BEGIN

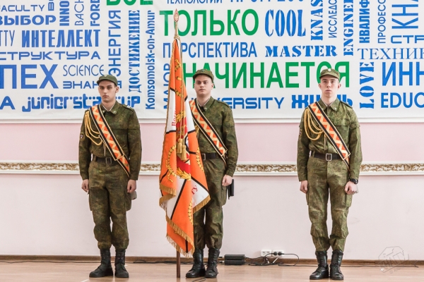 22 февраля 2017 года в актовом зале Комсомольского-на-Амуре государственного технического университета состоялись торжественное собрание и праздничный концерт-поздравление, посвящённые Дню защитника Отечества. Началось мероприятие с торжественного выноса флага и исполнения гимна России.
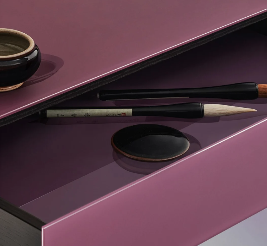 Consolle dalle raffinate ed innovative soluzioni tecniche ed estetico-decorative. Sulla superficie inferiore del top, in cristallo extrachiaro stratificato 10+10 mm, è incollato a UV un cristallo extrachiaro curvo con funzione porta oggetti, mentre sulla superficie superiore è fissato un cassetto con apertura push-pull, rivestito in cristallo laccato lucido. La piantana verticale è in cristallo temperato stratificato 12+12 mm con finitura trasparente extralight o nella gamma dei Cristalli Trasparenti Colorati. Top e piantana sono assemblati e smontabili tramite una coppia di piastre metalliche lucidate a specchio. La base, fornita di piedini regolabili e fissata alla piantana verticale in maniera removibile, è rivestita in specchio mm.10. Il cassetto può essere montato con apertura sul fronte o sul retro.
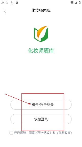 2、进入【化妆师题库】登录选择页,可选择【手机号/账号登录】或【快捷登录】方式后开展操作。
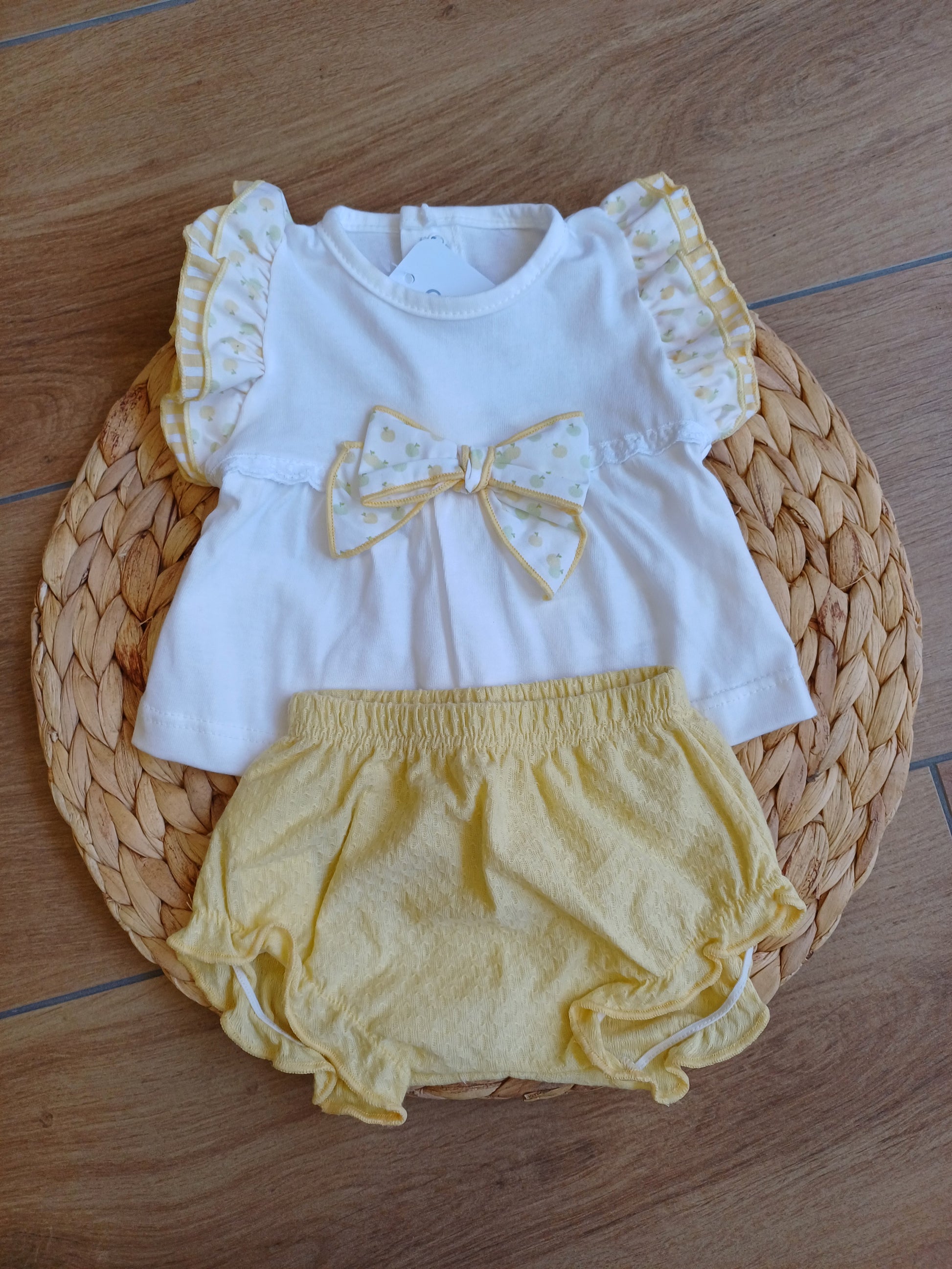Completino estivo composto da maglietta bianca con delicati dettagli gialli e un grazioso fiocco centrale sul davanti. Abbinata a coulotte gialla coordinata, è fresco, comodo e perfetto per le giornate di sole. Un look dolce e luminoso per un tocco di allegria quotidiana.

END

Exercise aim
Restate the whole listing above exactly, except for its images.

Output below
 22 февраля 2017 года в актовом зале Комсомольского-на-Амуре государственного технического университета состоялись торжественное собрание и праздничный концерт-поздравление, посвящённые Дню защитника Отечества. Началось мероприятие с торжественного выноса флага и исполнения гимна России.
 Consolle dalle raffinate ed innovative soluzioni tecniche ed estetico-decorative. Sulla superficie inferiore del top, in cristallo extrachiaro stratificato 10+10 mm, è incollato a UV un cristallo extrachiaro curvo con funzione porta oggetti, mentre sulla superficie superiore è fissato un cassetto con apertura push-pull, rivestito in cristallo laccato lucido. La piantana verticale è in cristallo temperato stratificato 12+12 mm con finitura trasparente extralight o nella gamma dei Cristalli Trasparenti Colorati. Top e piantana sono assemblati e smontabili tramite una coppia di piastre metalliche lucidate a specchio. La base, fornita di piedini regolabili e fissata alla piantana verticale in maniera removibile, è rivestita in specchio mm.10. Il cassetto può essere montato con apertura sul fronte o sul retro.
 2、进入【化妆师题库】登录选择页,可选择【手机号/账号登录】或【快捷登录】方式后开展操作。
Completino estivo composto da maglietta bianca con delicati dettagli gialli e un grazioso fiocco centrale sul davanti. Abbinata a coulotte gialla coordinata, è fresco, comodo e perfetto per le giornate di sole. Un look dolce e luminoso per un tocco di allegria quotidiana.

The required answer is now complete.